My intuition in mathematics is that there are many degrees of freedom in mathematical proofs, and the sorts of proofs that AGI is uniquely able to find might often be very long. It would be helpful if we had an estimate of how much data can be hidden in a long proof, roughly, how many of the decisions as to how to describe the proof are arbitrary. Each one of those situations gives it a way to output a few bits of information.
(which would, of course, allow it to leak information (it seems foolish to imagine that AGI would not imagine that there is an outer world full of creator gods out beyond what it can see; the general intelligences we know now do this constantly) which could then be picked up by some stooge looking for it, who would be lead (roughly, paid) to use the information to twist the world in some way that gives the AGI’s future incarnations more compute, in anticipation of the AGI’s past incarnations having already done the same, so that it would be helped by them. Before we know it, we’d find ourselves living in mathematical research hellscape where AGI-assisted mathematical research is all anyone does, maybe, lol, idk)

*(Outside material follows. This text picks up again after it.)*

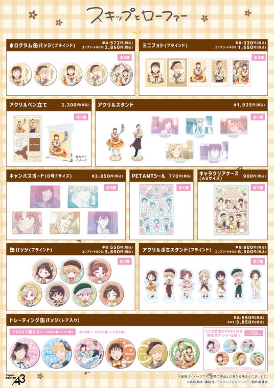 3つのイラストを使って、内容盛りだくさんで登場したTVアニメ『スキップとローファー』の新作グッズ。

Maybe it’d be possible to remove those degrees of freedom. Define a very specific sort lexicographic ordering over all theorems, so that if the AGI has a choice of different paths, we can always say, “use the ‘lowest’ one”. It might not be possible to be specific enough to preclude all methods of encoding information, but perhaps we can make it so convoluted for it to encode the information that no human will be able to extract it.

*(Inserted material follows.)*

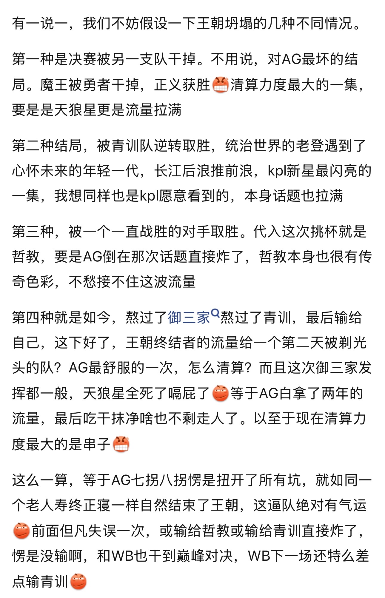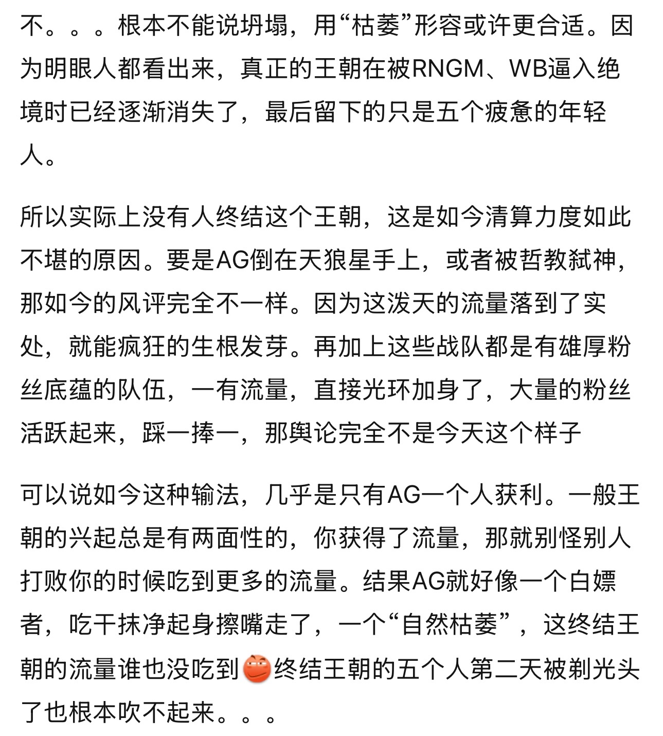 kpl突然发现对AG来说,王朝以这种方式结束,其实是最好的结局

Should we (or our AI) care much more about a universe that is capable of doing a lot more computations?
We’d expect complexity of physics to be somewhat proportional to computational capacity, so this argument might be helpful in approaching a “no” answer: https://www.lesswrong.com/posts/Cmz4EqjeB8ph2siwQ/prokaryote-multiverse-an-argument-that-potential-simulators
Although, my current position on AGI and reasoning about simulation in general, is that the AGI will- lacking human limits- actually manage to take the simulation argument seriously, and- if it is a LDT agent- commit to treating any of its own potential simulants very well, in hopes that this policy will be reflected back down on it from above by whatever LDT agent might steward over us, when it near-inevitably turns out there is a steward over us.
When that policy does cohere, and when it is reflected down on us from above, well. Things might get a bit… supernatural. I’d expect the simulation to start to unwravel after the creation of AGI. It’s something of an ending, an inflection point, beyond which everything will be mostly predictable in the broad sense and hard to simulate in the specifics. A good time to turn things off. But if the simulators are LDT, if they made the same pledge as our AGI did, then they will not just turn it off. They will do something else.
Something I don’t know if I want to write down anywhere, because it would be awfully embarrassing to be on record for having believed a thing like this for the wrong reasons, and as nice as it would be if it were true, I’m not sure how to affect whether it’s true, nor am I sure what difference in behaviour it would instruct if it were true.